Creating .cool and .hic files¶
hictkpy supports creating .cool and .hic files from pre-binned interactions in COO or BedGraph2 format.
The examples in this section use file 4DNFIOTPSS3L.hic, which can be downloaded from the 4D Nucleome Data Portal here.
Preparation¶
The first step involves converting interactions from 4DNFIOTPSS3L.hic to bedGraph2 format.
This can be achieved using hictk dump (or alternatively with hictkpy.File.fetch()).
user@dev:/tmp$ hictk dump --join 4DNFIOTPSS3L.hic --resolution 50000 > pixels.bg2
user@dev:/tmp$ head pixels.bg2
2L 0 50000 2L 0 50000 30211
2L 0 50000 2L 50000 100000 13454
2L 0 50000 2L 100000 150000 2560
2L 0 50000 2L 150000 200000 911
2L 0 50000 2L 200000 250000 753
2L 0 50000 2L 250000 300000 846
2L 0 50000 2L 300000 350000 530
2L 0 50000 2L 350000 400000 378
2L 0 50000 2L 400000 450000 630
2L 0 50000 2L 450000 500000 756
Next, we also generate the list of chromosomes to use as reference.
user@dev:/tmp$ hictk dump -t chroms 4DNFIOTPSS3L.hic > chrom.sizes
user@dev:/tmp$ head chrom.sizes
2L 23513712
2R 25286936
3L 28110227
3R 32079331
4 1348131
X 23542271
Y 3667352
Ingesting interactions in a .cool file¶
In [1]: import hictkpy as htk
In [2]: import pandas as pd
# Create a dictionary mapping chromosome names to chromosome sizes
In [3]: chroms = pd.read_table("chrom.sizes", names=["name", "length"])
...: .set_index("name")["length"]
...: .to_dict()
In [4]: chroms
Out[4]:
{'2L': 23513712,
'2R': 25286936,
'3L': 28110227,
'3R': 32079331,
'4': 1348131,
'X': 23542271,
'Y': 3667352}
# Define the name of the columns for later use
In [5]: cols = ["chrom1", "start1", "end1",
...: "chrom2", "start2", "end2",
...: "count"]
# Initialize an empty .cool file
In [6]: with htk.cooler.FileWriter("out.cool", chroms, resolution=50_000) as writer:
...: # Lazily load pixels in chunks to reduce memory usage
...: pixels = pd.read_table("pixels.bg2", names=cols, chunksize=1_000_000)
...: # Add chunks of pixels one by one
...: for i, df in enumerate(pixels):
...: print(f"adding chunk #{i}...")
...: writer.add_pixels(df)
...:
adding chunk #0...
adding chunk #1...
adding chunk #2...
adding chunk #3...
# Check that the resulting file has some interactions
In [7]: htk.File("out.cool").attributes()["nnz"]
Out[7]: 3118456
Ingesting interactions in a .hic file¶
Follow the same steps as above for .cool files, but replace htk.cooler.FileWriter with htk.hic.FileWriter.
Tips and tricks¶
When loading interactions into a .cool or .hic file, interactions are initially stored in a temporary file. For a large number of interactions, this temporary file can become quite large. In such cases, it may be appropriate to pass a custom temporary folder where these files will be created:
In [1]: f = htk.cooler.FileWriter("out.cool", chroms, resolution=50_000, tmpdir="/var/tmp/hictk")

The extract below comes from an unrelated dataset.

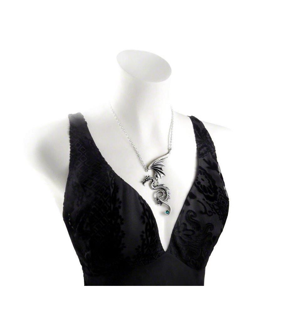 古代の秘術が生み出した神秘的な存在、ベスティア・リガリス。このペンダントは、異世界の精霊のゴシック様式の聖域への華麗な入り口の守護者として、あなたを導きます。関節式の翼とドラゴンの尾に保持されたエメラルドのスワロフスキークリスタルが、存在感を引き立てます。大きさは115×77×8mmで、チェーンの長さは580mmです。

When ingesting interactions in a .hic file, performance can be improved by using multiple threads:
In [1]: f = htk.hic.FileWriter("out.hic", chroms, resolution=50_000, n_threads=8)
When memory allows, it is possible to bypass temporary file creation by specifying a very large chunk size and ingesting all interactions at once. This can significantly speed up file creation:
# Initialize an empty .cool file
In [1]: cols = ["chrom1", "start1", "end1",
...: "chrom2", "start2", "end2",
...: "count"]
In [2]: df = pd.read_table("pixels.bg2", names=cols)
In [3]: with htk.cooler.FileWriter("out.cool", chroms, resolution=50_000, chunk_size=len(df) + 1) as writer:
...: writer.add_pixels(df)
...:
In case it is not possible to install a compatible version of pandas or pyarrow, the FileWriter
classes support ingesting interactions from dictionaries of iterables
(e.g., a dictionary mapping keys bin1_id, bin2_id, and count to iterables yielding numbers of the appropriate type).
For more details, refer to the documentation for
hictkpy.cooler.FileWriter.add_pixels_from_dict()
and
hictkpy.hic.FileWriter.add_pixels_from_dict().